PROBLEM:
Only the lines in the entries below from the line with "- Sürenin sonunda" to the line with "適度に曇った日の雲の動き (例: 2005-10-24)", both included, belong in the answer, transcribed exactly and without pictures.

SOURCE DATA:
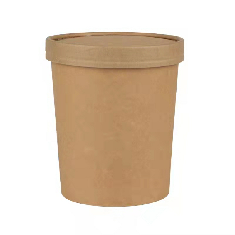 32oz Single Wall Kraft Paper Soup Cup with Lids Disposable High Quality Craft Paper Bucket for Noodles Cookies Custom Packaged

...

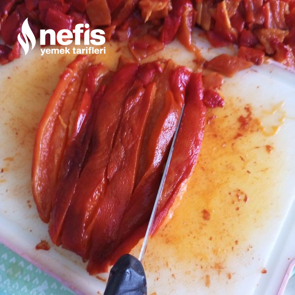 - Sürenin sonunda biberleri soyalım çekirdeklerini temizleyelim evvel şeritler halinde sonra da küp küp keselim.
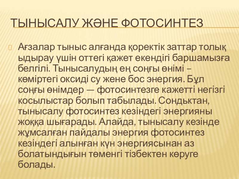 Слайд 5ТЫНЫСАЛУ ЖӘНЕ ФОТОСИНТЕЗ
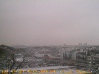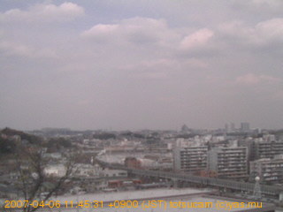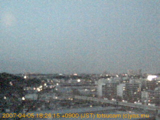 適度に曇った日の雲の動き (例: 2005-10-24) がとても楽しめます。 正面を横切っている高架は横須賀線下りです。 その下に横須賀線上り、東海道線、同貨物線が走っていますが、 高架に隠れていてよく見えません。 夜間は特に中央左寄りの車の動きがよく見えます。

RESPONSE BOX:
 - Sürenin sonunda biberleri soyalım çekirdeklerini temizleyelim evvel şeritler halinde sonra da küp küp keselim.
 Слайд 5ТЫНЫСАЛУ ЖӘНЕ ФОТОСИНТЕЗ
 適度に曇った日の雲の動き (例: 2005-10-24) がとても楽しめます。 正面を横切っている高架は横須賀線下りです。 その下に横須賀線上り、東海道線、同貨物線が走っていますが、 高架に隠れていてよく見えません。 夜間は特に中央左寄りの車の動きがよく見えます。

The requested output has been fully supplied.